«Em casa não tinha um livro, mas uma avó chamada Maria»

A literatura entrou na vida de Tolentino Mendonça em criança e começou por ser «contada» através da «avó Maria» e de uma analfabeta que «lavava o chão numa igreja de Machico».

A sala de espetáculos do Teatro Municipal Baltazar Dias encheu-se para receber José Tolentino Mendonça e Valter Hugo Mãe para juntos fazerem uma “Viagem Literária”. Numa retrospetiva feita no tempo, o escritor José Tolentino Mendonça, que nasceu na Madeira, disse que «em casa não tinha um livro, mas tinha uma avó». A literatura entrou na sua vida em criança e começou por ser «contada» através da «avó Maria» que, na altura, era a sua «biblioteca». A chamada «literatura oral» que deixou marcas na sua vida até hoje.

«Uma das obras mais belas que se editou na Madeira foi o Cancioneiro Oral que é de uma riqueza imensa. E o que é que se descobriu? Que aqueles velhos de 70, 80 e 90 anos tinham na cabeça bocados de livros… e começar a ler pela literatura oral é uma coisa espantosa», referiu.

É por isso que, no seu entender, este género de literatura difere-se da literatura escrita, porque quando uma pessoa lê um livro existe uma »fronteira entre a verdade e a ficção». O leitor até pode «entrar» dentro da obra, mas quando fecha-a só volta a reencontrar-se com ela na altura em que reabre-a.
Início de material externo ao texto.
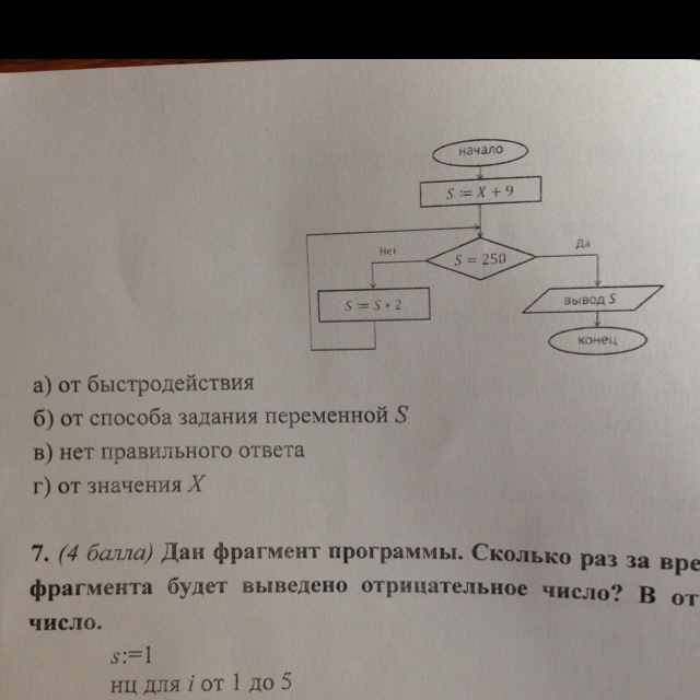 Дан фрагмент алгоритма, представленного в виде блок-схемы. От чего будет зависеть значение S?
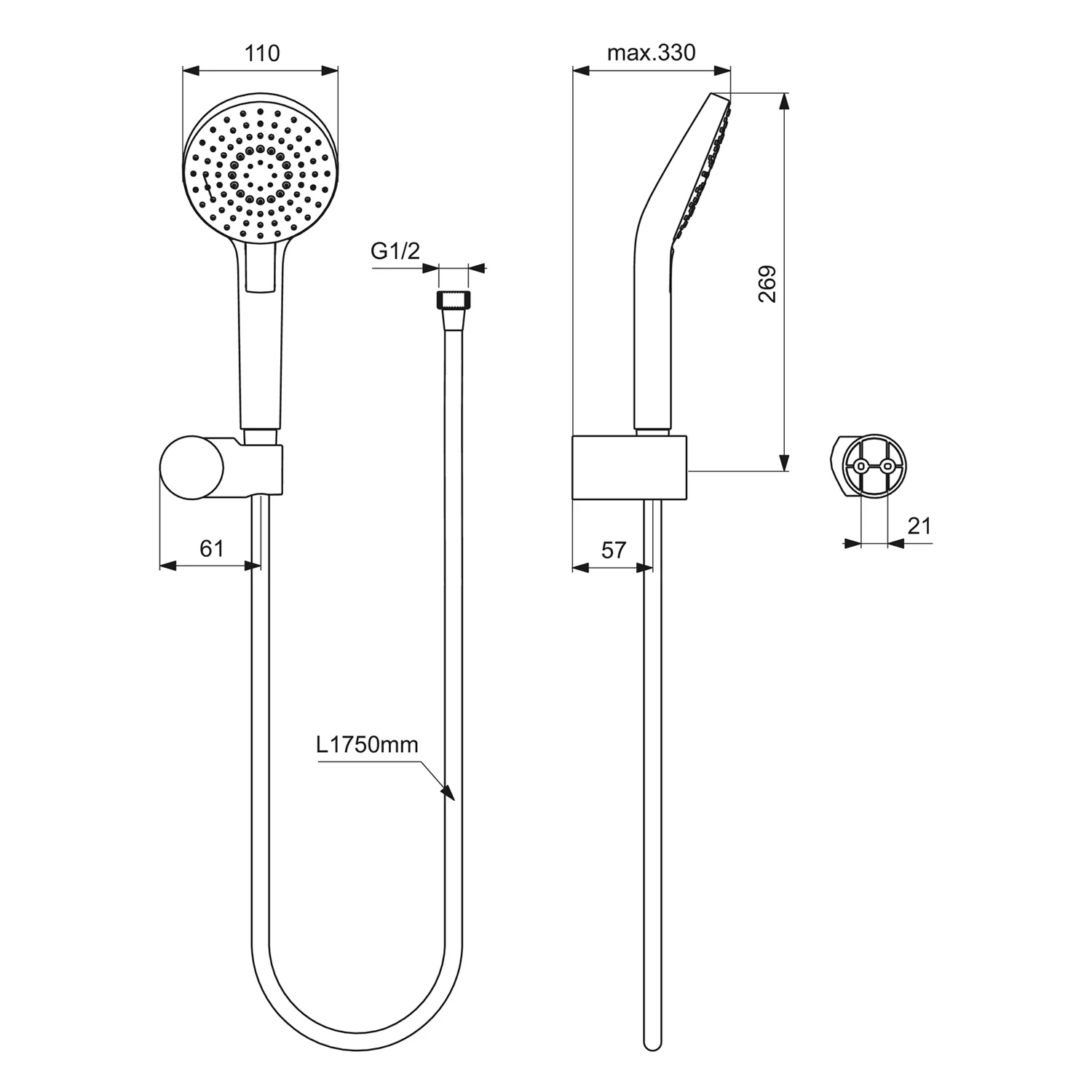 | Abmessungen: | Handbrause: Ø 11 Schlauch: 175 cm |

Há uma «separação física». «Antes de tudo a literatura é uma experiência», sustentou.

Outra das experiências marcantes da sua vida foi a primeira vez que ouviu “O Cântico dos Cânticos” «através de uma mulher analfabeta que lavava o chão numa igreja de Machico».

«Ela sabia partes do Cântico dos Cânticos e disse aquilo ao miúdo que andava pela igreja que me fez parar. Eu acho que na minha vida há um antes e um depois: antes e depois de ter ouvido aquilo, porque foi como ter espreitado pelo buraco de uma fechadura. Até então, nunca tinha sentido que as palavras podiam emocionar daquela maneira. lembro-me da emoção que senti, de ter voltado lá várias vezes e pedir-lhe para dizer novamente aquilo. Anos depois descobri que  aquele poema era bíblico», recordou, sendo que muitas vezes aplaudido pelo público que ficou tocado pelas suas palavras, sobretudo quando elogiou os valores e a mensagem de esperança que os seus pais lhe passaram desde a tenra idade.

De «SANTO A ESCRITOR»

Ouvindo atentamente as suas palavras, Valter Hugo Mãe, natural de Angola, que em jeito de brincadeira afirmou que se sentia »atrapalhado» por estar ao lado de José Tolentino Mendonça, contou algumas das suas peripécias antes de ser escritor.

O artista, que é um amante acérrimo da poesia, revelou que é capaz de escrever em todo o lado, até mesmo quando está a decorrer um concerto. E, muitas vezes, usa o Iphone para fazê-lo. «As pessoas pensam que estou a namorar e ninguém me incomoda, o mesmo já não acontece quando estou com um bloco de notas e uma caneta bonita, onde todos querem saber o que estou a escrever, acabando por desconcentrar-me», brincou, provocando a risada geral.

Pela primeira vez na Madeira, a “Viagem Literária”, da Porto Editora, foi “conduzida” pelo jornalista João Paulo Sacadura, que criou uma empatia com os escritores e o público numa conversa cheia de humor, que levou muitos a sorrir, a rir à gargalhada e… a bater palmas.